INFORMATION SHOWN.
-------

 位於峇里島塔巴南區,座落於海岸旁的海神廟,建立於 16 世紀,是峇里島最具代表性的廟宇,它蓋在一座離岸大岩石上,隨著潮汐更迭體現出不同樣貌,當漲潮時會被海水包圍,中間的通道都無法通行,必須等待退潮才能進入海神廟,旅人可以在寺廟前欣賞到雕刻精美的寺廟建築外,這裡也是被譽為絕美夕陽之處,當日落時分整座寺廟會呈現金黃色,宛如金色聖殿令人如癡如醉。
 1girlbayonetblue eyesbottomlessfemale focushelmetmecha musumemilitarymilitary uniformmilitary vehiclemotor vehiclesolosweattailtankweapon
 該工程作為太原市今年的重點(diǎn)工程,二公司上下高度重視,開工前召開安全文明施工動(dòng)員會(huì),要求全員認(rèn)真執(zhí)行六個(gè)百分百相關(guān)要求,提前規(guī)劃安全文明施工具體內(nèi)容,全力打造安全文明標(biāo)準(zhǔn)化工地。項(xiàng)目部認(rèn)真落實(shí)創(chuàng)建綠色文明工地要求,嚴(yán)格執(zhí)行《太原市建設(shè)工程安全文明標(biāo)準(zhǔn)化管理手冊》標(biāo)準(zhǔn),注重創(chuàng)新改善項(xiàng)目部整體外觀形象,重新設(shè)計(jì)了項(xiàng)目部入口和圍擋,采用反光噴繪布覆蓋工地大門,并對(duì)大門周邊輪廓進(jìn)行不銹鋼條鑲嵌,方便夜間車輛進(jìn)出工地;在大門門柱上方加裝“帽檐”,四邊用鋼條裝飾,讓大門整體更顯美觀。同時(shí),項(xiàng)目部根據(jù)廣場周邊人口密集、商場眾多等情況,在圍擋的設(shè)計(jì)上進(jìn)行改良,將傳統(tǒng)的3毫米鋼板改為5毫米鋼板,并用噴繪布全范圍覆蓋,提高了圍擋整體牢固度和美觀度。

-------

PROBLEM. Every line of the listing must be written out again exactly.

ANSWER FOR THIS EXERCISE.
 位於峇里島塔巴南區,座落於海岸旁的海神廟,建立於 16 世紀,是峇里島最具代表性的廟宇,它蓋在一座離岸大岩石上,隨著潮汐更迭體現出不同樣貌,當漲潮時會被海水包圍,中間的通道都無法通行,必須等待退潮才能進入海神廟,旅人可以在寺廟前欣賞到雕刻精美的寺廟建築外,這裡也是被譽為絕美夕陽之處,當日落時分整座寺廟會呈現金黃色,宛如金色聖殿令人如癡如醉。
 1girlbayonetblue eyesbottomlessfemale focushelmetmecha musumemilitarymilitary uniformmilitary vehiclemotor vehiclesolosweattailtankweapon
 該工程作為太原市今年的重點(diǎn)工程,二公司上下高度重視,開工前召開安全文明施工動(dòng)員會(huì),要求全員認(rèn)真執(zhí)行六個(gè)百分百相關(guān)要求,提前規(guī)劃安全文明施工具體內(nèi)容,全力打造安全文明標(biāo)準(zhǔn)化工地。項(xiàng)目部認(rèn)真落實(shí)創(chuàng)建綠色文明工地要求,嚴(yán)格執(zhí)行《太原市建設(shè)工程安全文明標(biāo)準(zhǔn)化管理手冊》標(biāo)準(zhǔn),注重創(chuàng)新改善項(xiàng)目部整體外觀形象,重新設(shè)計(jì)了項(xiàng)目部入口和圍擋,采用反光噴繪布覆蓋工地大門,并對(duì)大門周邊輪廓進(jìn)行不銹鋼條鑲嵌,方便夜間車輛進(jìn)出工地;在大門門柱上方加裝“帽檐”,四邊用鋼條裝飾,讓大門整體更顯美觀。同時(shí),項(xiàng)目部根據(jù)廣場周邊人口密集、商場眾多等情況,在圍擋的設(shè)計(jì)上進(jìn)行改良,將傳統(tǒng)的3毫米鋼板改為5毫米鋼板,并用噴繪布全范圍覆蓋,提高了圍擋整體牢固度和美觀度。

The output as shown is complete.